Imagine if, for instance, a Drupal site could dynamically build a resource file listing all image files used in a theme, or provided by a module. Those are usually a large number of very small images. So just build that list once and store it, then include that reference in the page header. The browser can see that, know the full list of what it will need, when they were last updated, even how soon it will need them. If one is not used on a particular page, that's OK. The browser will still load it just like with a Manifest file. On subsequent page loads, it knows it will still need those files but it also knows that its versions are already up to date, and leaves it at that. When it needs those images, it just loads them out of its local cache.
And when a resource does change, the page tells the browser about it immediately so that it doesn't have to guess if there is a new version. It already knows, and can act accordingly to download just the new files it needs.
Any CMS could do the exact same thing. A really good one could even dynamically track a user session (anonymously) to see what the most likely next pages are for a given user, and adjust its list of probable next pages over time so that the browser knows what's coming.
Naturally all of this assumes that a page is coming from a CMS or web app framework of some sort (Drupal, Symfony2, Sharepoint, Joomla, whatever). In practice, that's a pretty good assumption these days.
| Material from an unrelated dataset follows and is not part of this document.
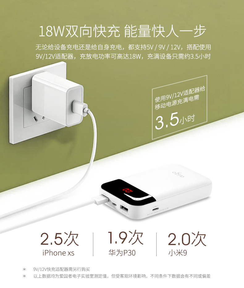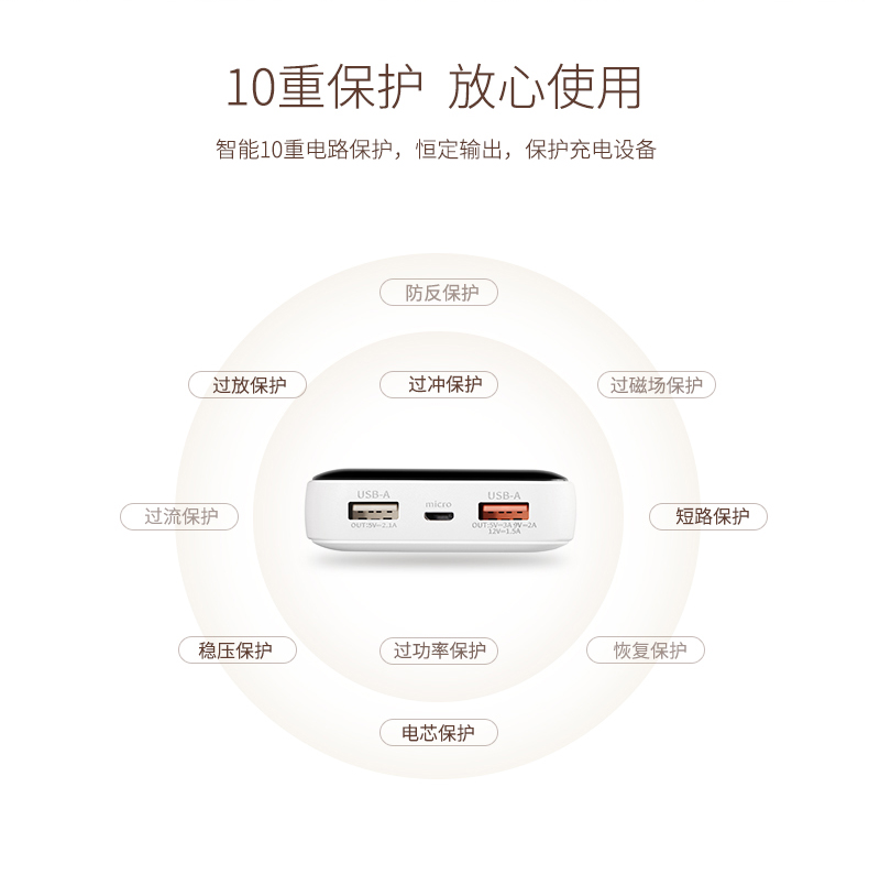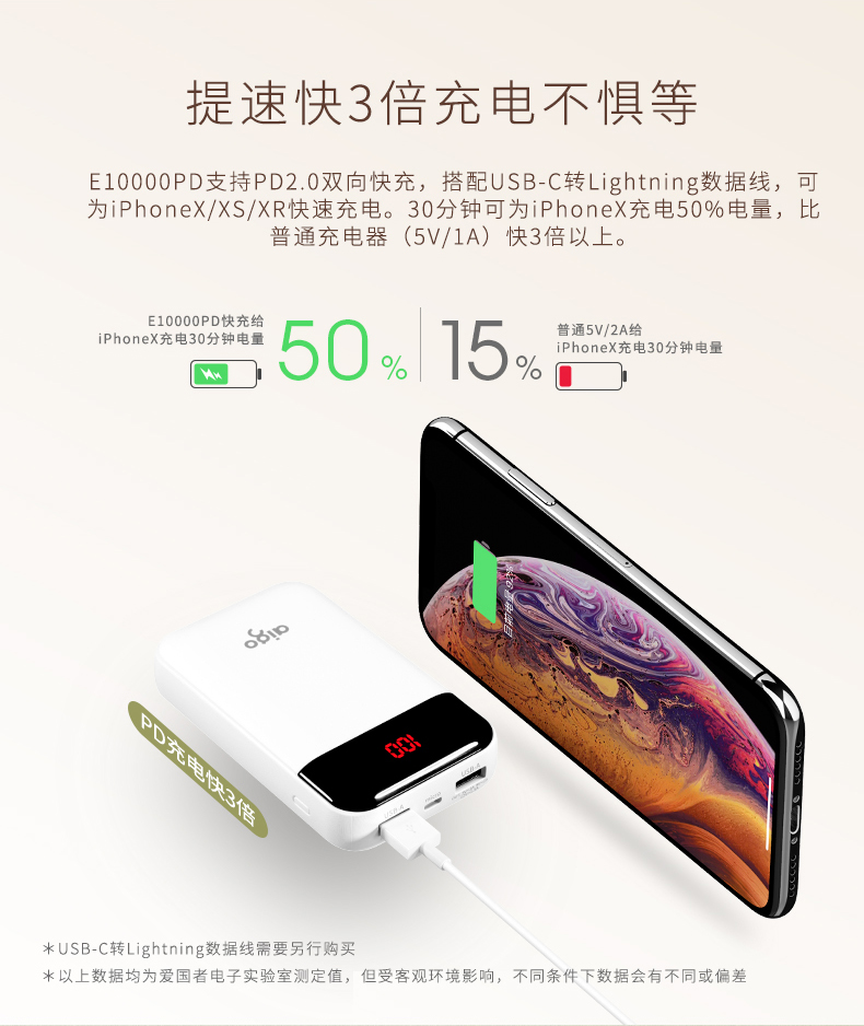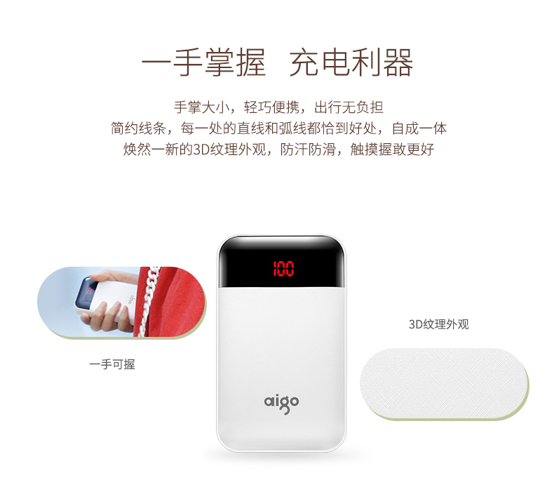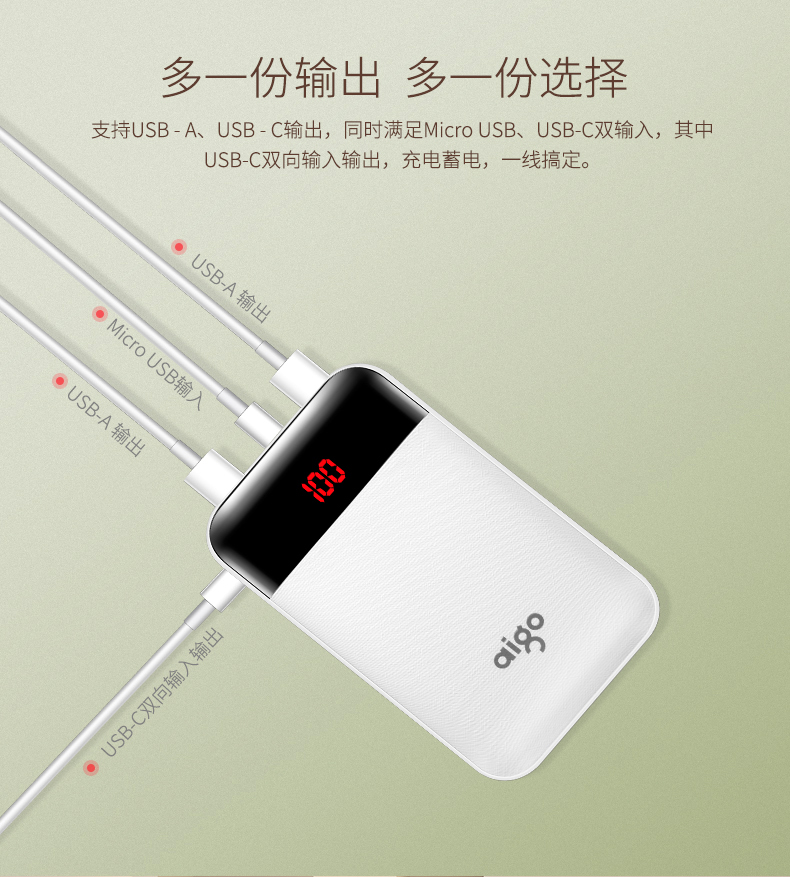 • 商品名称:爱国者(aigo) E10000PD 聚合物 TYPE-C 18W双向快充 10000毫安充电宝 快充移动电源 白色

And if not, a statically coded page just omits the cache attribute and the browser behaves normally as it does today, asking "are we there yet?" over and over again and getting told by the server "304 No Not Yet".
There are likely many details I am missing here, but I believe the concept is sound. Modern web pages are dynamic on the server side, not just on the client side. Let the server give the browser the information it needs to be smart about caching. Don't go all-or-nothing; that is fine for a pure app but most sites are not pure apps. Server-side developers are smart cookies. Let them help the browser be faster, smarter.
I now don the obligatory flame-retardant suit. (And if you think this is actually a good idea, someone point me to where to propose it besides my blog!)